More steel and less paper would make for a stronger U.S. economy, and the energy industry is poised to contribute to an industrial renaissance that would bring such change about for the benefit of all, Alcoa Inc.’s David Ciarlone told a GasMart 2010 audience in Chicago earlier this month.

He called for less emphasis on financial services, i.e., “paper,” and other industries that do not produce physical products and a resurgence in manufacturing, which can provide jobs that would lift the “flat-lined” incomes of the middle class.

“…[I]f we are to realize the promise of this opportunity, we need to pay attention and we need to expand our focus,” said Ciarlone, who is Alcoa’s manager of Global Energy Services. “We need to act with common sense, and our watchword needs to be ‘sustainability.'”

To that end the emerging renewable and conventional energy industries can help. For instance, Ciarlone said, wind turbines and natural gas pipelines require steel; solar panels and lightweight vehicles need aluminum; and “we will need to reinvent everything from batteries to bearings.

“All of these are energy-intensive enterprises that will require energy supplies that are affordable, stable and predictable.”
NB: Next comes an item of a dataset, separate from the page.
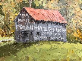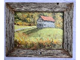 This oil painting is part of The Ohio Barn Project. The painting is in oil, impasto technique, and is mounted in a frame from rustic barn wood. This also comes with an essay describing the barn, its history, and flavorful stories at www.barnart.weebly.com.

The fuel for the industrial renaissance can and should be natural gas, Ciarlone said, particularly the abundant supplies available from homegrown gas shale plays such as the Marcellus, Haynesville, Fayetteville and Barnett, to name a few.

“Depending upon the estimates you believe, the newly developed technologies to find and produce shale gas promise a source of domestic supply that could easily satisfy at least 100 years of our present demand,” Ciarlone said.

He called for common-sense regulation of pipelines as well as exploration and production activities. “We certainly need the gas and jobs they generate, and the states clearly need the revenues,” he said. “But if we hope to sustain access to these resources over their projected 100-year supply life, we need to earn and maintain the confidence of the public. We cannot afford to spill our fracing fluids or ravage the countryside.”